To the Editor:

Following a discussion by the workgroup for Data Standards in Synthetic Biology, which met in June 2010 during the Second Workshop on Biodesign Automation in Anaheim, California, we wish to highlight a problem relating to the reproducibility of the synthetic biology literature. In particular, we have noted the very small number of articles reporting synthetic gene networks that disclose the complete sequence of all the constructs they describe.

To our knowledge, there are only a few examples where full sequences have been released. In 2005, a patent application1 disclosed the sequences of the toggle switches published four years earlier in a paper by Gardner et al.2. The same year, Basu et al.3 deposited their construct sequences for programmed pattern formation into GenBank3. Examples of synthetic DNA sequences derived from standardized parts that have been made available in GenBank include the refactored genome of the bacteriophage phage T7 (ref. 4) and a BioBrick-based plasmid5. More recently, the full genome sequence of synthetic Mycoplasma mycoides JCVI-syn1.0 clone sMmYCp235-1 also has been made available in GenBank (accession no. CP002027)6.

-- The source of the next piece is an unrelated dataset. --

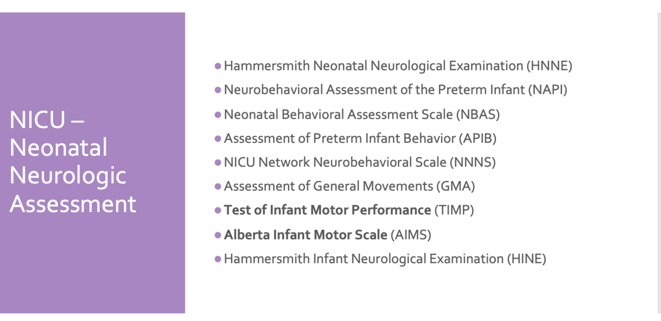 What are the Hammersmith and TIMP assessments used for in the NICU?

In contrast, most publications provide a variety of methods, information and/or partial sequences to explain the constructs used in a paper; for the research community, piecing together the full sequences of constructs is thus laborious, error-prone and sometimes impossible. A paper from your journal provides a recent example; although Kemmer et al.7 provided admirably detailed Supplementary Information on the construction methods for their plasmids, they failed to provide access to the final sequences. Indeed, the gaps between key components are almost never reported, presumably because they are not considered crucial to the report. Yet, synthetic biology relies on the premise that synthetic DNA can be engineered with base-level precision.

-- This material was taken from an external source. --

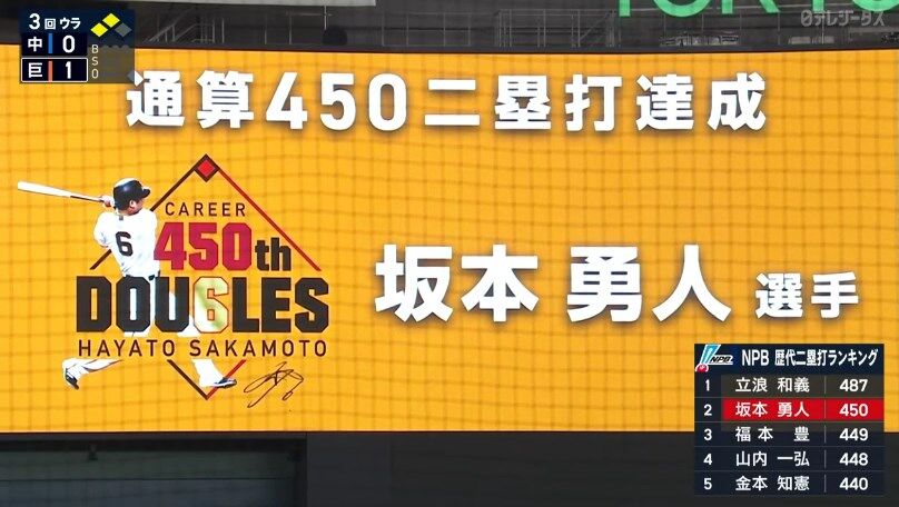 【巨人対中日11回戦】巨人・坂本勇人が史上2人目の偉業 通算450二塁打達成

Missing sequence information in papers hurts reproducibility, limits reuse of past work and incorrectly assumes that we know fully which sequence segments are important. For example, many synthetic biologists are currently realizing that translation initiation rates are dependent on more than the Shine-Dalgarno sequence8. Sequences upstream of the start codon are crucial for translation rates, yet are underreported. Similarly, it has been demonstrated that intron length can affect the dynamics of genetic oscillators9. Many more such examples are likely to emerge.

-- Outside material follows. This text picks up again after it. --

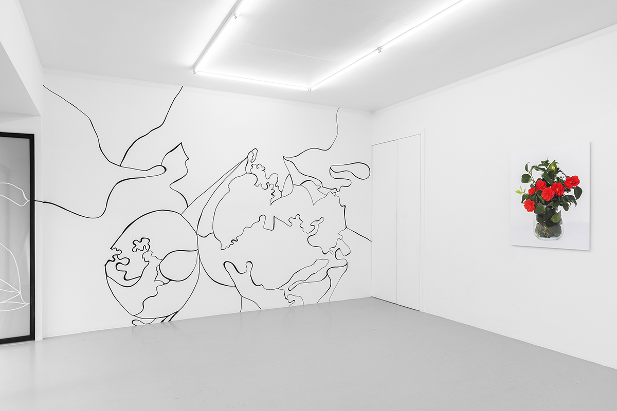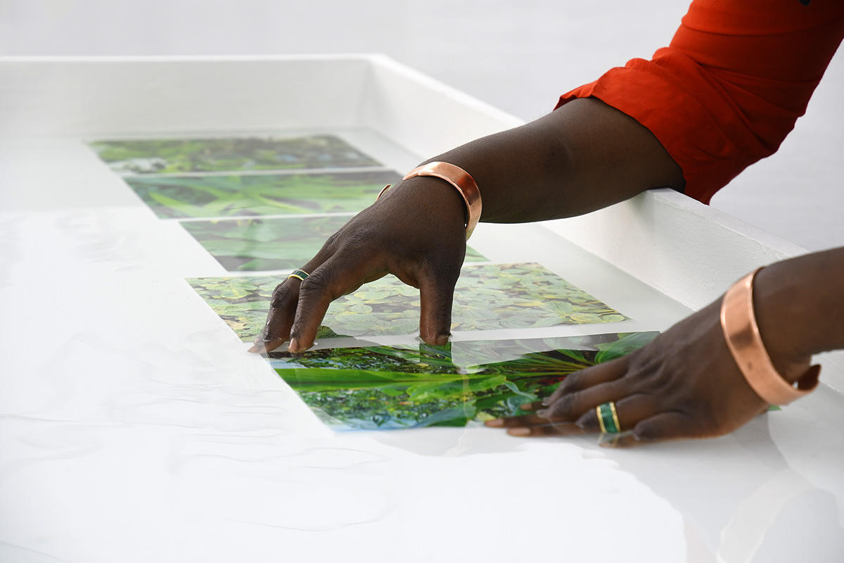 The artist sows clues, tenuous elements of a common history that act as botanical cuttings, like the wall drawing – The Silence of Nsinga – which interweaves the maps of the three gardens. Drawings of vines, of cartographic and architectural lines become intertwined and form a territory with interconnected narratives. Dénètem Touam Bona writes: «The wisdom of lianas lies not only in the experience of these cosmopoetic links, but also in the possibility of turning them into the taut strings of a combat bow. This is why I see in lianas – as a figuration of allied plants and biomes – the auxiliary spirits of the pioneering struggles of the indigenous against the total commodification of living things and the standardization of ways of existence.» Further on, in the series Sambou Masodi – De l’autre côté du jardin, Michèle Magema engraves the architectural lines of Belgian greenhouses on the surface of rubber tree boards, which she combines with representations of indigenous Congolese plants. A drawing shows the artist’s parents – Les gardiens des Nti – in their garden in France. Images of plants from Central Kongo (her parents’ region of origin), made in situ in the greenhouses of Meise, appear in coloured waters. The photographic portrait of camelia flowers, Leopold II’s favourite, evokes the king’s involvement in the development of colonial gardens in Belgium (Les camélias de Léopold secundo – Rouge). Through mapping, revealing, engraving and crossing narratives, the artist establishes a physical relationship with unofficial and official documents and with geographical realities. With patience and determination, she studies the colonial orchestration of the gardens and its impact on human bodies. Underlying all this, the notion of acclimatization unfolds in space. The botanical and biogeographical vocabulary then determines what is endemic (indigenous) or exotic. The acclimatization, whether agreed upon or not, affects human or non-human elements.

Because full sequence disclosure is critical, we wonder why the common requirement by many journals to provide GenBank entries for genomes and natural sequences has not been enforced for synthetic DNA and engineered genetic constructs. In an environment where word count is a constant battle, replacing plasmid construction method sections with references to annotated GenBank entries would be a welcome change. We therefore feel that including a completely annotated sequence of the construct would greatly contribute to the development of our discipline. We hope that in the future you will encourage the authors you publish to submit this information to GenBank or other appropriate databases. In the long term, we hope to establish a minimal information guideline around the Minimal Information about a Biomedical or Biological Investigation (MIBBI; project and welcome contributions from the greater community.